A: DNA methylation increases from the upstream core promoter gradually towards intron 1. The first exon is non-coding, exon 2 codes for the signal peptide and exons 3 and 4 for the mature protein. The internal 3′-CGI, covering exon 4, displays hypermethylation in all individuals. The 3′-CGI contains the sequences for the ε2, ε3 and ε4 haplotypes. The ε4 haplotype of APOE is the only undisputed genetic risk factor for late-onset Alzheimer's disease. Interindividual variance of DNA methylation was notably in the APOE promoter but not in the 3′-CGI. B: The occurrence of an ε2 or ε4 haplotype removes a CpG dinucleotides from the 3′-CpG island potentially affecting the higher order chromatin structure, that could result in aberrant regulation of APOE and the downstream transcript AJ249921. C = Controls, AD = Alzheimer patients; Ly = Lymphocytes, Br = brain.

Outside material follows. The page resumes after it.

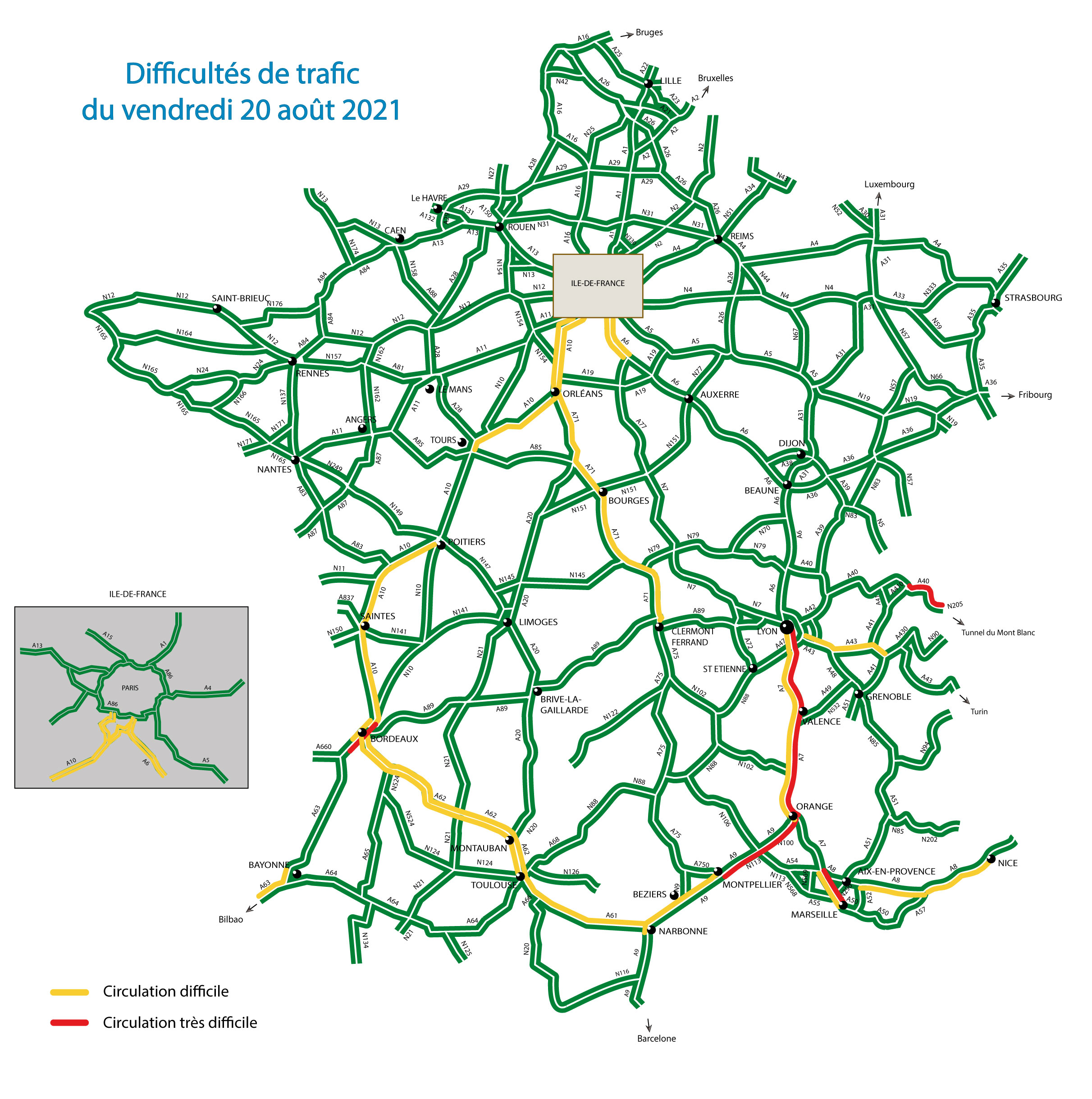 Samedi 21 août, la circulation sera difficile dans le sens des départs jusqu’en début d’après-midi. Les retours s’étaleront sur l’ensemble de la journée rendant la circulation très difficile voire extrêmement difficile dans le sud-Est du pays et notamment sur les autoroutes A7, A9, A71 et A62.

https://doi.org/10.1371/journal.pone.0002698.g002

Epigenetic distance

To test if there is a significant epigenetic difference between the healthy control group and LOAD patients and to characterize individuals depending on their epigenetic profile, we analyzed the epigenetic distance of each individual to the norm (the median methylation of the healthy control individuals). The epigenetic distance was represented either as the Euclidean distance of the profile of an individual compared to the group of unaffected controls (see Materials and Methods) or as absolute methylation difference between an individual and the norm at a site (Fig. 3), since any epigenetic deregulation can involve demethylation as well as de novo methylation. Interestingly, for all analysed genes we found that the methylation patterns in brains of LOAD cases were slightly more dissimilar to the norm compared with control brains (Fig. 3a). Some individuals, as exemplified with LOAD patient #13, displayed a significant epigenetic distance. In total, 9 out of the 10 most ‘abnormal’ methylation patterns were observed in LOAD patients and only one in a control brain sample (control #29; Fig. 3b). Of all the genes, the gene for mitochondrial transcription factor A (TFAM), a key activator of mitochondrial transcription in mammals, displayed the strongest epigenetic distance in LOAD brains. In total, 16 out of 24 LOAD patients (67%) displayed a notable epigenetic distance from the norm in TFAM, whereas only one of the controls did.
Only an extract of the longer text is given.